** INFORMATION PROVIDED follows **
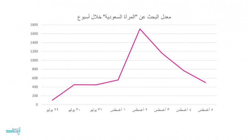 أولاً: تحليل لعمليات البحث عن "المرأة السعودية" خلال أسبوع من كل أنحاء العالميظهر من الرسم البياني التالي نمو البحث حول العالم عن "المرأة السعودية" ووصوله لقمته في ٢ أغسطس ٢٠١٩، ويعود ذلك لنشر القرار في صحيفة أم القرى، وأيضاً
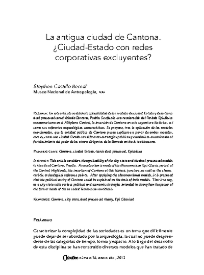 En este artículo se debate la aplicabilidad de los modelos de ciudad-Estado y de la teoría dual-procesual con el sitio de Cantona, Puebla. Se efectúa una revaloración del Periodo Epiclásico mesoamericano en el Altiplano Central, la inserción de Cantona en esta coyuntura histórica, así como sus referentes arqueológicos característicos. Se propone, tras la aplicación de los modelos mencionados, que la entidad política de Cantona puede explicarse a partir de ambos modelos, esto es, como una ciudad-Estado con diferentes estrategias políticas y económicas encaminadas al fortalecimiento del poder de los otrora dirigentes de la llamada antítesis teotihuacana.
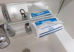水に流せるパルプ100%のハンドタオル。手拭きなどの衛生場面で活躍する、蛍光染料不使用タイプ。
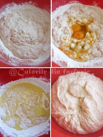 Se framanta totul foarte bine, timp de 10-15 minute pana se obtine un aluat ca pentru cozonac. Nu trebuie să fie nici prea moale, nici prea vartos. Apoi se lasa la dospit pana in momentul in care isi dubleaza volumul.
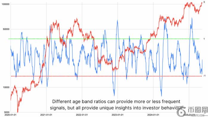 为了提高这些信号的准确性,可以通过比较近期入场者(持有 0-1 个月)和持有 BTC 1-5 年的人群,对数据进行更**的划分。这种年龄段的比较可以更**、更实时地洞察分布模式。
** End of INFORMATION PROVIDED **
> _YOUR GOAL_: Could you write out the records exactly while omitting every picture?

> _RESPONSE FOR THIS EXERCISE_:
 أولاً: تحليل لعمليات البحث عن "المرأة السعودية" خلال أسبوع من كل أنحاء العالميظهر من الرسم البياني التالي نمو البحث حول العالم عن "المرأة السعودية" ووصوله لقمته في ٢ أغسطس ٢٠١٩، ويعود ذلك لنشر القرار في صحيفة أم القرى، وأيضاً
 En este artículo se debate la aplicabilidad de los modelos de ciudad-Estado y de la teoría dual-procesual con el sitio de Cantona, Puebla. Se efectúa una revaloración del Periodo Epiclásico mesoamericano en el Altiplano Central, la inserción de Cantona en esta coyuntura histórica, así como sus referentes arqueológicos característicos. Se propone, tras la aplicación de los modelos mencionados, que la entidad política de Cantona puede explicarse a partir de ambos modelos, esto es, como una ciudad-Estado con diferentes estrategias políticas y económicas encaminadas al fortalecimiento del poder de los otrora dirigentes de la llamada antítesis teotihuacana.
水に流せるパルプ100%のハンドタオル。手拭きなどの衛生場面で活躍する、蛍光染料不使用タイプ。
 Se framanta totul foarte bine, timp de 10-15 minute pana se obtine un aluat ca pentru cozonac. Nu trebuie să fie nici prea moale, nici prea vartos. Apoi se lasa la dospit pana in momentul in care isi dubleaza volumul.
 为了提高这些信号的准确性,可以通过比较近期入场者(持有 0-1 个月)和持有 BTC 1-5 年的人群,对数据进行更**的划分。这种年龄段的比较可以更**、更实时地洞察分布模式。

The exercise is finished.